Particularly disturbing is the growing support for "three-strikes" copyright rules that would disconnect whole families from the Internet if one member of the household was accused (without proof) of copyright infringement. The other big US agenda item is cramming pro-Digital Rights Management (DRM) rules down the world's throats that go way beyond the current obligations under the UN's WIPO Copyright Treaty. In the US version, breaking DRM is always illegal, even if you're not committing any copyright violation -- so breaking the DRM on your iPad to install software you bought from someone who hasn't gone through the Apple approval process is illegal, even though the transaction involves no illicit copying.
. -- Latest leaked draft of secret copyright treaty: US trying to cram DRM rules down the world's throats by Cory Doctorow (Boing Boing 2010-09-06).

See, also: Unintended Consequences: Twelve Years under the DMCA (Electronic Frontier Foundation 2010-03).

Economy: The United States of Inequality

Slide Show: The Great Divergence In Pictures. Click image to launch.
Must read: The Great Divergence 2010: What's causing America's growing income inequality? by Timothy Noah (Slate 2010-09-03).

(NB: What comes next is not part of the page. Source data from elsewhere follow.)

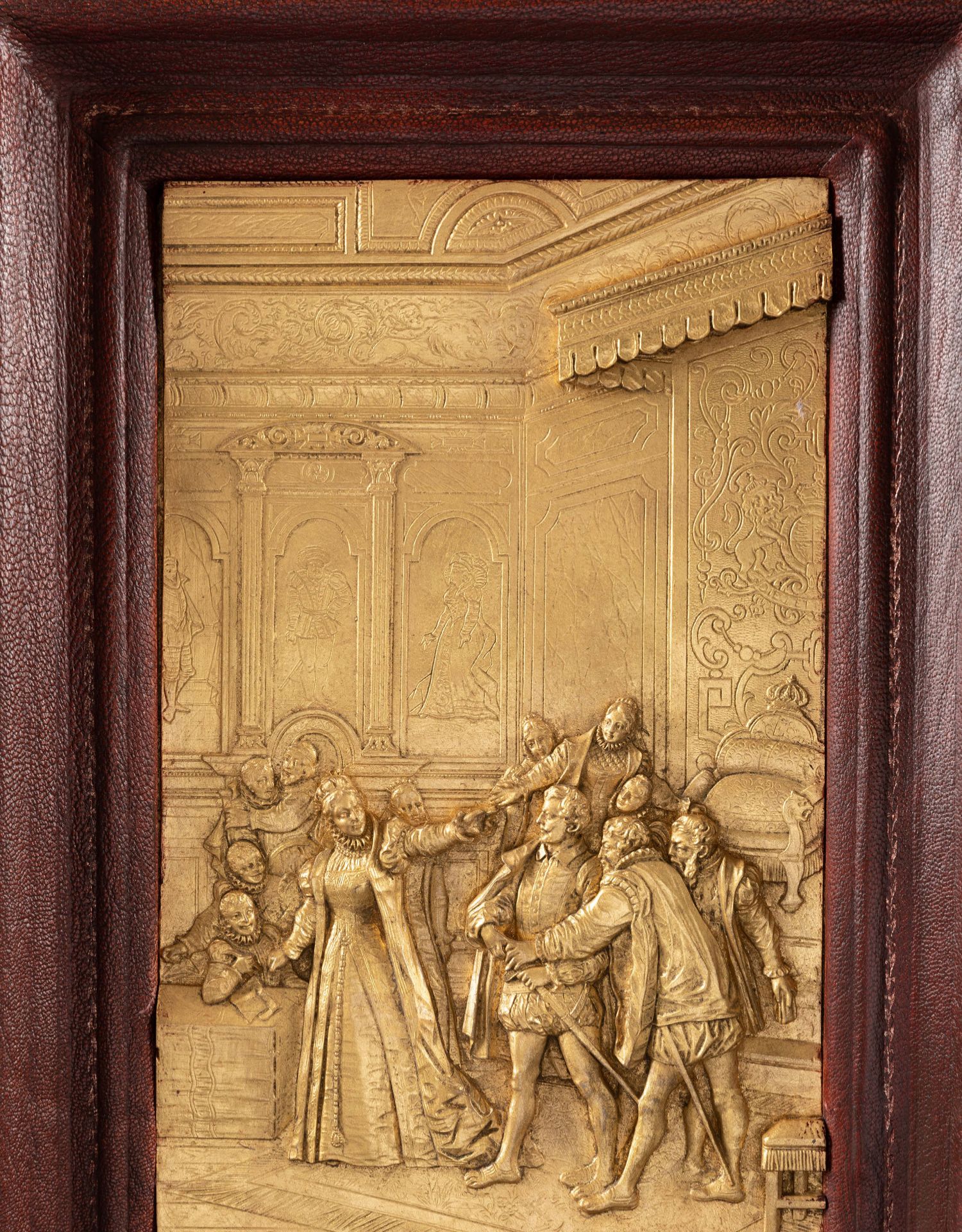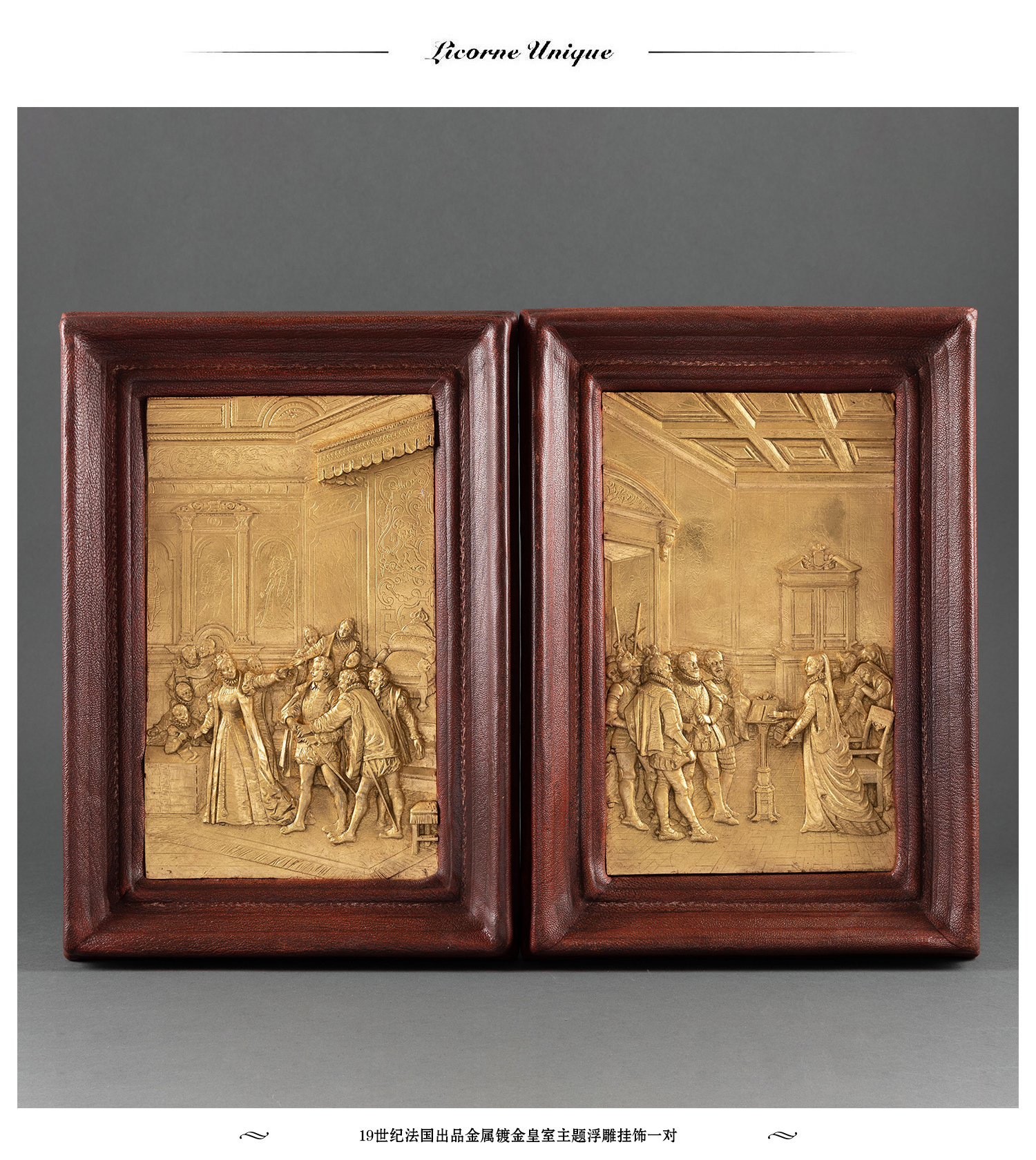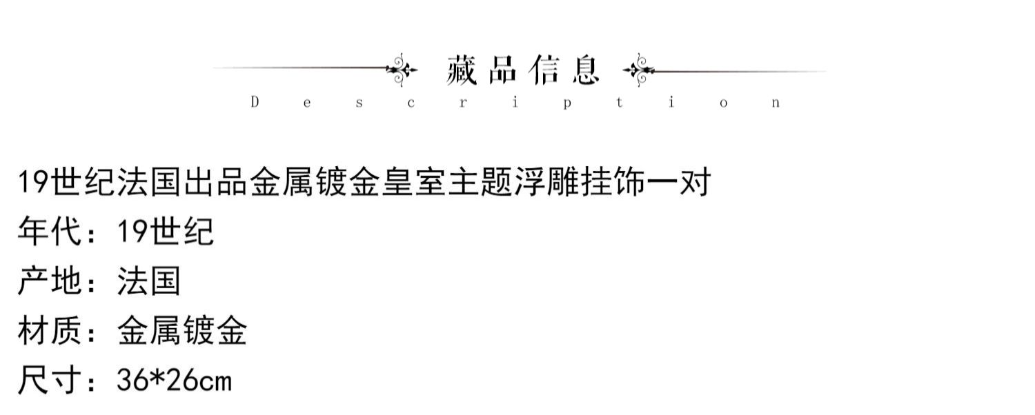 独角鹿西洋古董家居装饰19世纪法国金属镀金皇室主题浮雕挂饰一对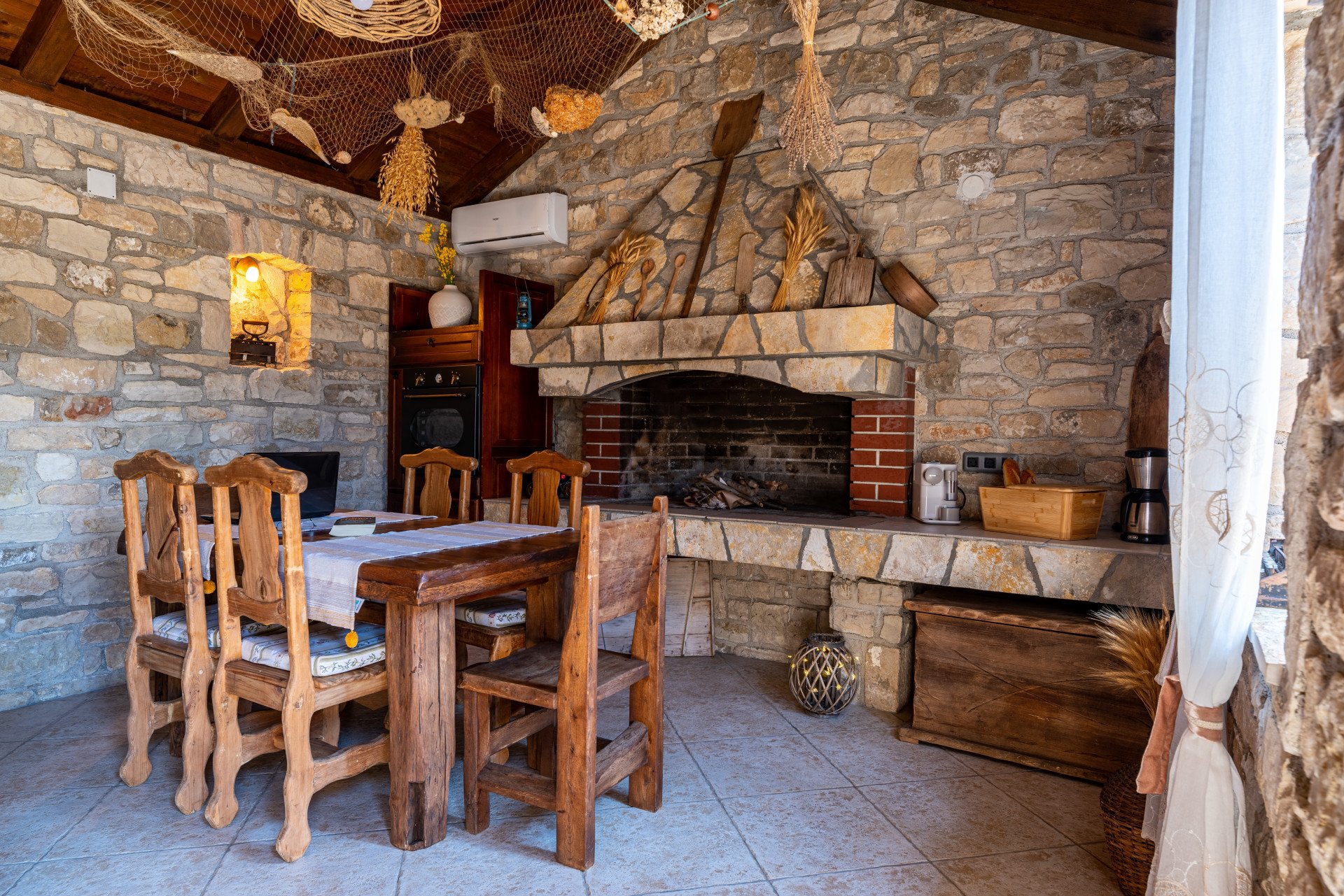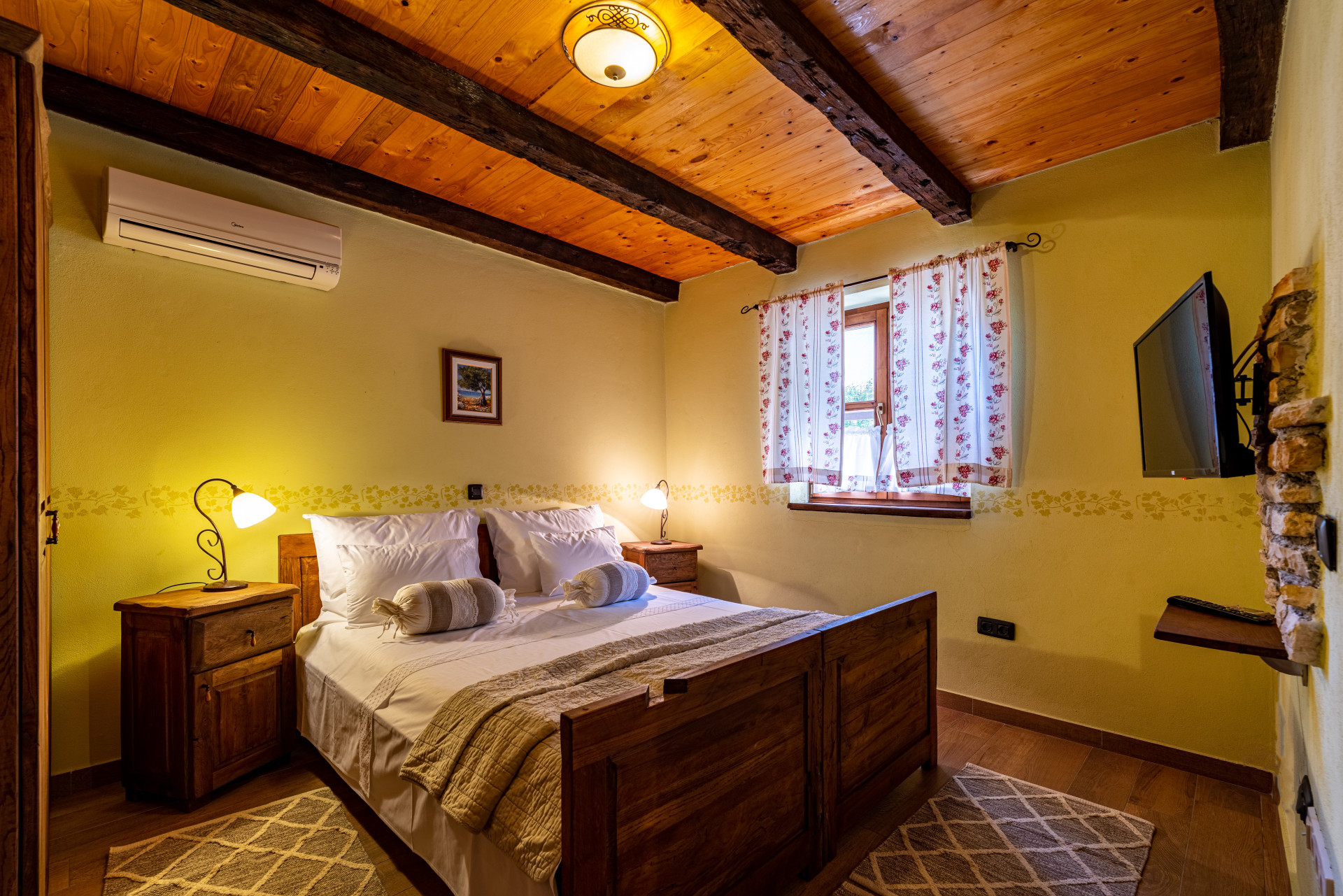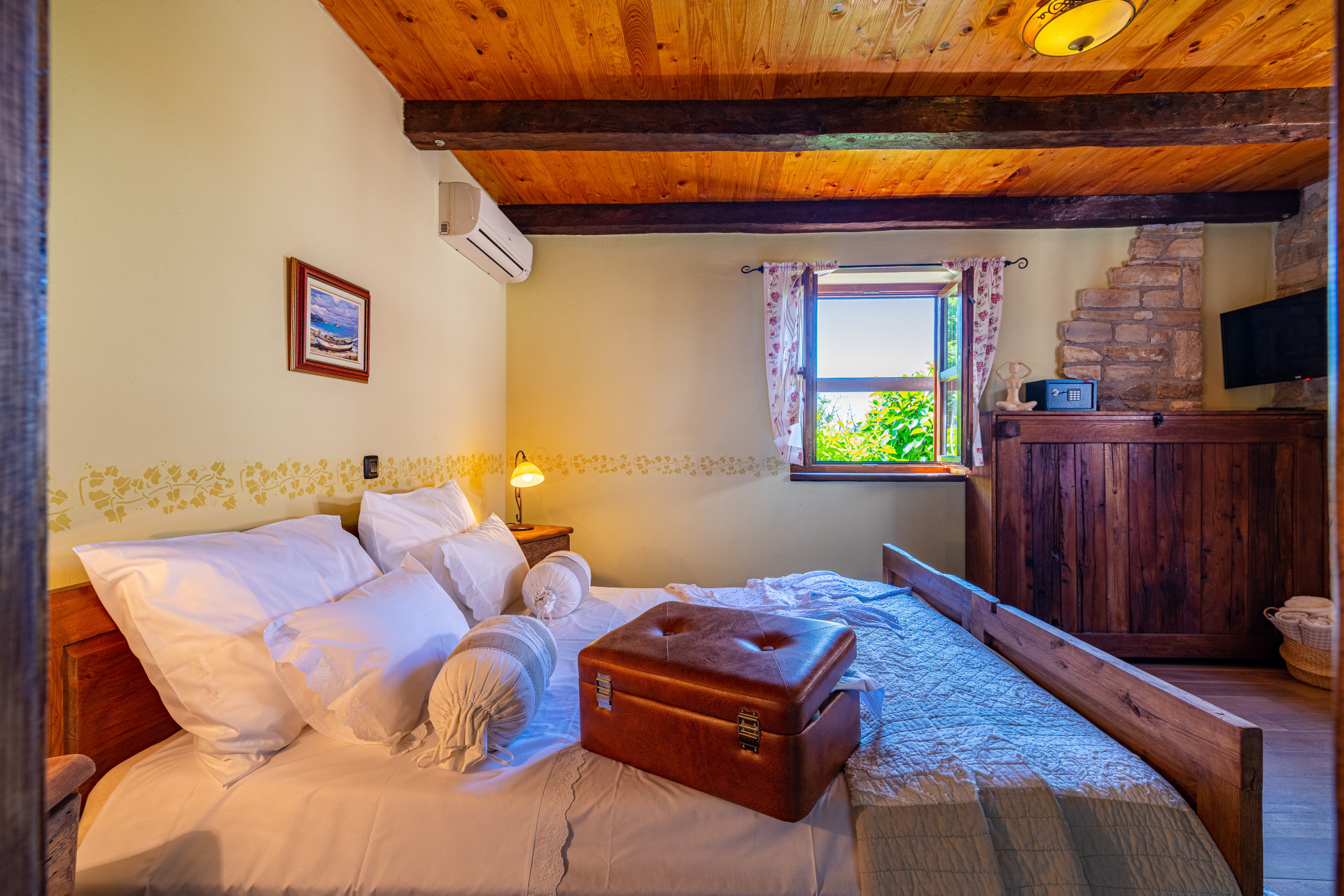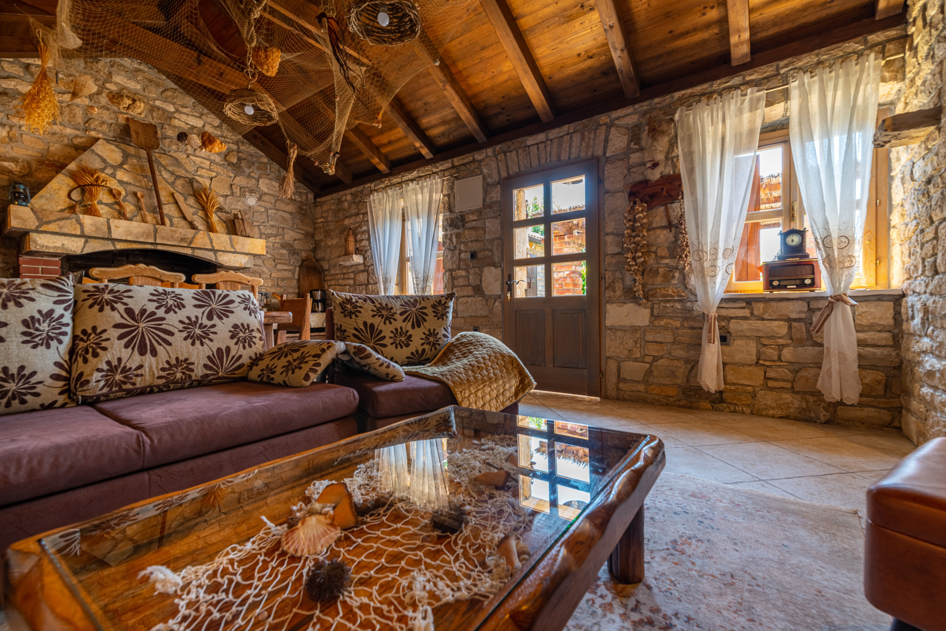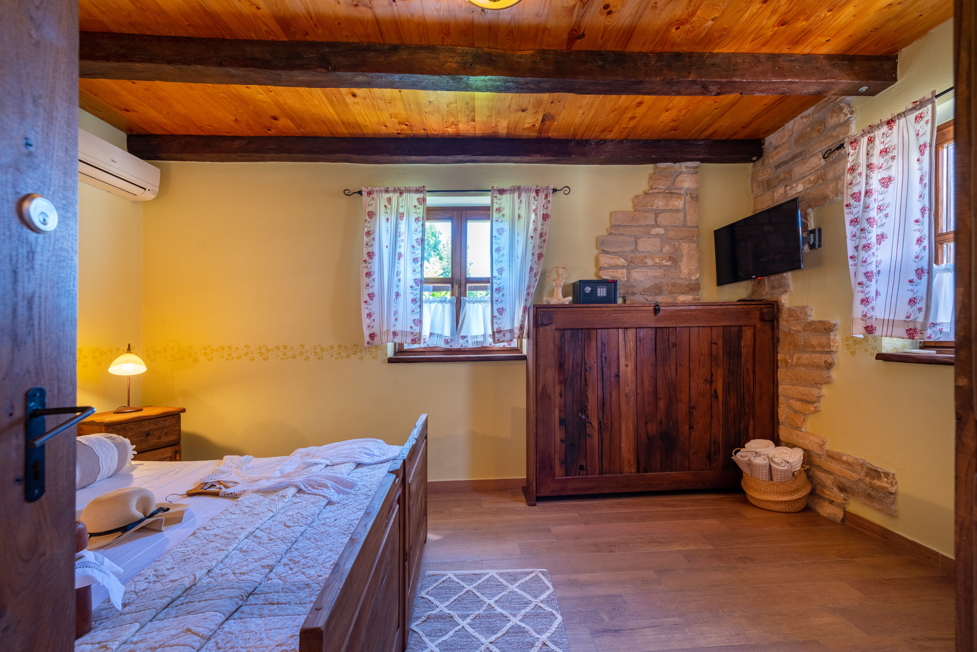 This 2-bedroom villa has a maximum capacity of six people. Both bedrooms have a double bed and a private bathroom. The stone design exudes a traditional style, enriched with wooden decor.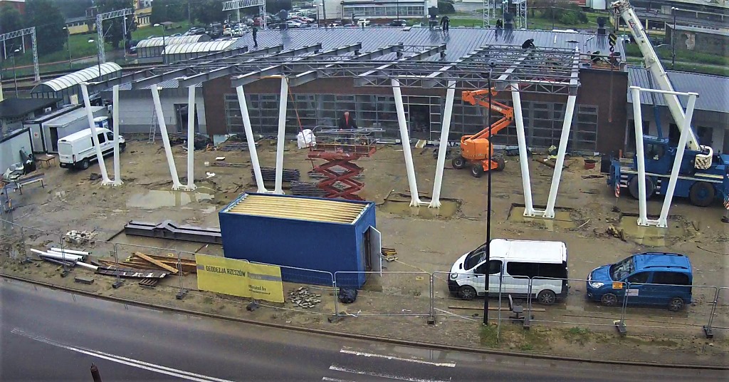 Obecnie na ostatnim etapie są prace przy wykończeniu elewacji budynku dworca. Wykonawca przystąpił do montażu stalowej konstrukcji zadaszenia przystanków autobusowych. Wewnątrz budynku ukończono ścianki działowe oraz kontynuowane są roboty instalacyjne.

Change Watch: Glory, glory, hallelujah!

Speaking of our colonial war in the Philippines (see Peace Games, below) that followed in the wake of our defeat of Spain, in protest of that folly, an angry opponent of empire, Mark Twain, composed in 1901 this still-timely lyric to the melody of The Battle Hymn of the Republic:

The Battle Hymn of the Republic (Brought Down to Date)

by Mark Twain

Mine eyes have seen the orgy of the launching of the Sword;
He is searching out the hoardings where the stranger's wealth is stored;
He hath loosed his fateful lightnings, and with woe and death has scored;
His lust is marching on.

I have seen him in the watch-fires of a hundred circling camps;
They have builded him an altar in the Eastern dews and damps;
I have read his doomful mission by the dim and flaring lamps--
His night is marching on.

I have read his bandit gospel writ in burnished rows of steel:
"As ye deal with my pretensions, so with you my wrath shall deal;
Let the faithless son of Freedom crush the patriot with his heel;
Lo, Greed is marching on!"

We have legalized the strumpet and are guarding her retreat;*
Greed is seeking out commercial souls before his judgement seat;
O, be swift, ye clods, to answer him! be jubilant my feet!
Our god is marching on!

In a sordid slime harmonious Greed was born in yonder ditch,
With a longing in his bosom--and for others' goods an itch.
As Christ died to make men holy, let men die to make us rich--
Our god is marching on.

* NOTE: In Manila the Government has placed a certain industry under the protection of our flag. (M.T.)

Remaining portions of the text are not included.